INTRODUCTION. Thermal sprayed WC/Co coatings have been widely applied to machine components. For decades, the engine industry has been developing thermal spray deposition technologies for applying protective coatings to engine parts that experience abrasive, erosive, and corrosive wear. Recently, considerable interests are directed toward the development of thermal spray techniques to deposit dense nanostructured and superfine metal-ceramic composites, e.g., tungsten carbide/cobalt (WC/Co). The extraordinary performance properties of nanocoatings and superfine coatings [1-2] include high hardness and wear properties without concomitant loss of ductility or fracture toughness. For example, thermal spray of nanostructured and superfine WC/Co materials shows many benefits over the conventional coating material. Commercially available superfine and nanostructured WC/Co materials are reprocessed with grain growth inhibitors and alloying additions into the thermal spray feedstocks which are uniquely suited to thermal spray.

POWDER FEEDSTOCK. Inframat’s reconstituted InfralloyTM WC/12CO powder feedstocks have a near spherical morphology with particle size distribution ranging from 5 to 45 mm in diameter. Each individual agglomerate is an assemblage of millions of superfine particles of 0.2 – 0.4 mm WC grains uniformly distributed inside the Co matrix. The as reconstituted WC/Co particles exhibited some degrees of porosity. These porosities are eliminated after post-sintered at elevated temperatures. Fig. 1 shows typical SEM micrographs of the as-reconstituted superfine WC/12Co feedstock powder.

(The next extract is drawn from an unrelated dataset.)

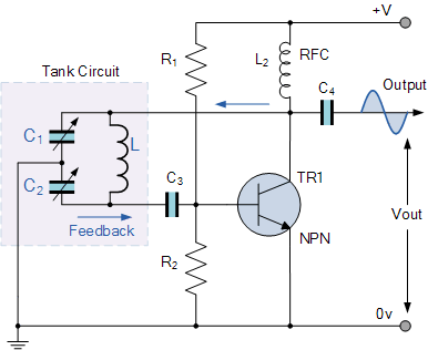Резистори R1 і R2 забезпечують звичайне стабілізуюче зміщення постійного струму для транзистора звичайним чином, в той час як додаткові конденсатори діють як шунтуючі конденсатори, що блокують постійний струм. Радіочастотний дросель (RFC) використовується в колі колектора для забезпечення високого реактивного опору (в ідеалі розімкнений ланцюг) на частоті коливань ( ƒr ) і низького опору на постійному струмі, щоб допомогти почати коливання.
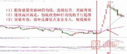 1、突破60日均線時(shí)要有明顯放大的成交量配合,隨后股價(jià)能夠站穩(wěn)于60日均線之上,否則后市可能還有較長時(shí)間反復(fù)。

The measured tapping density of the powder feedstock is 6.5 g/cc. The x-ray theoretical density of bulk WC/12Co is about 14.5 g/cc. Assuming a perfect spherical shape, the theoretical packing density of any powder can reach up to 70% of its bulk density. Thus it can be concluded that the superfine WC/12Co powder feedstock has reached to 64% of its theoretical packing density. The measured powder Hall flow rate of the reprocessed superfine WC/12Co is approximately 180 g/min.


Coating microstructure and hardness. Cross-section SEM examination revealed that all these coatings are very dense. Typical SEM micrographs of the coating cross-sections are showing in Fig. 2. Visual examination of the SEM micrographs revealed less than 3% coating porosity. Particle sizes of the coating are relatively small, range from 100 nm to 400 1mm, with average particle size being ~200 nm. Optical microscopy examination revealed that the as-deposited superfine WC/12Co coatings are very dense, with porosities of less than 1%. The coating density is comparable to conventional micrometer sized WC/Co coatings of similar compositions.

Bond strength: The bond strength tests were performed using the ASTM standard pull test (ASTM C633-79). All the samples resulted in glue failure. This glue usually fails at a load of ~ 12,000 psi. Since all of our samples resulted in glue failure, we cannot quantify the exact bond strength of thermal sprayed superfine WC/12Co coatings. Typical thermal-sprayed WC/Co coatings using conventional micrometer sized WC/Co have a bond strength from 9,000 - 10,000 psi.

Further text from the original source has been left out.